Cependant, le cicérone, inconscient des choses proférées, s’épongeait — car l’atmosphère stagnait, irrespirable — et, profitant du silence, reprit ses fonctions. Il racontait, d’une voix monotone et inexpressive, le siège par les Carthaginois, le pillage et l’incendie, la plaie de la mal’aria envoyée sur le pays par le démon Jupiter — il diavol Giove — à qui était vouée la ville. — « Car c’est en ce lieu, Signori miei, que Giove s’est réfugié lorsque notre bon Sauveur (il se signa) Jésus-Christ jeta en enfer les dieux des païens. Et ici il a conservé sa puissance. Lorsque les moines, chassés par les Mores, vinrent s’établir dans les temples, qui étaient encore debout, le démon Giove, offensé de les voir prier Dieu, fit écrouler les pierres et les occit tous — li uccide tutti ! Aujourd’hui, il fait surveiller son domaine par un aigle ; et cela est certain, signori, car on n’a jamais vu d’autres aigles de ce côté. Mais celui-ci fut découvert dans les fouilles… »

Un « Stop ! » comminatoire bâillonna le nonchalant débit du custode interloqué : « Ce n’est pas dans le Guide ! » clama sir William Klondyke brandissant le livre moins écarlate que son apoplexie. Il écumait. « Comme si ce n’était pas assez, Sir, d’être empoisonné à chaque page par les stupidités classiques, sans que cet imbécile vienne nous assassiner de légendes apocryphes sur ce diable de Zeus, — sur ce sacré Zeus du diable ! » Et de nouveau, en italien, il bourra de ses objurgations le cicerone pétrifié.

Ces invectives contre un récit de folk-lore n’étaient pas l’incartade saugrenue d’un maniaque mal embouché ; ni de la simple démence l’acharnement dont il objurgua l’épisode de l’aigle. Cet excès même de brutalité découvrait plus que la chicanière rancune licite à un moderne ; cet homme était à une proximité mystérieuse de l’Antiquité ; les profondeurs organiques de son être, son essence même se rebellaient contre les Dieux, et il impugnait le seul Zeus d’agressions fougueuses et personnelles.

— Montre-le donc enfin, ton aigle !

Debout, les bras croisés, sa stature massive érigeait la provocation de puissances obscures et formidables.

Coïncidence nécessaire dont je guettais la réplique, un croassement sec grinça, et parmi les ruines, l’aigle, à grands battements, s’éleva selon l’ample révolution de spires régulières.

« Eccolo ! triompha le cicerone. Je m’angoissais : Le « Hah ! » d’une joie féroce rebroussa sur ses crocs les babines du géant ; et, débandant le geste tragique d’une infaillible embuche, hoquetant un magma de blasphèmes congestifs, vers le motocar, il s’encourut.

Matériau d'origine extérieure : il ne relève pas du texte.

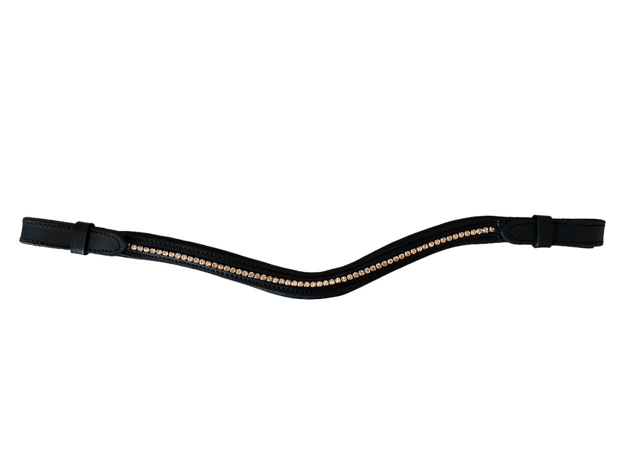 Frontalino fatto a mano in morbida pelle nera con brillantini color rame. Sistema 'easy-on' per posizionare il frontalino in maniera semplice e veloce sulla testiera.

« E matto ! » interjecta le custode, ahuri. Oui certes ! il était fou ! Ébranlée par cette fuite, s’insurgea mon inquiétude, et, pour mieux réagir, j’inculpai l’atmosphère de ma nerveuse irritation — presciente de faits graves extraordinairement.

Des nuages pesants de soufre et d’antimoine se boursouflaient, foisonnaient plein le ciel luride. Le cicerone me proposa un abri, et même à déjeuner, dans sa cabane, là-bas sur l’Acropole. J’acceptais l’opportune diversion : nous prîmes la route défoncée qui coupait le ravin… Mais, derrière nous, le ronflement de l’horrible automobile se saccada, et l’aboiement féroce d’une trompe impérative repoussa mon compagnon qui criait en vain le danger à sir William Klondyke, debout à l’avant de la machine dévalant à toute vitesse : « Piano ! Piano ! Signore ; per Dio !… » Une terreur me prenait, insolite et absurde : non qu’elle se fracassât en route, mais au contraire qu’elle atteignît l’acropole, où l’aigle, en cercle, planait.

Elle allait, tressautant, vira au pont, s’élança pour une escalade exaspérée. Un dernier bondissement la projeta sur l’acropole. Angoissés, nous attendions. Du mur cyclopéen surgit un buste pareil à quelque rude hécatonchire issant du chaos : Sir William Klondyke épaula son rifle. Un souffle de fumée ; l’aigle, convulsif, tournoya ;… et la sèche détonation se répercuta dans le premier roulement du tonnerre, tandis que l’oiseau, battant, tombait — vers l’homme, une main sur l’arme, le nez levé, immobile.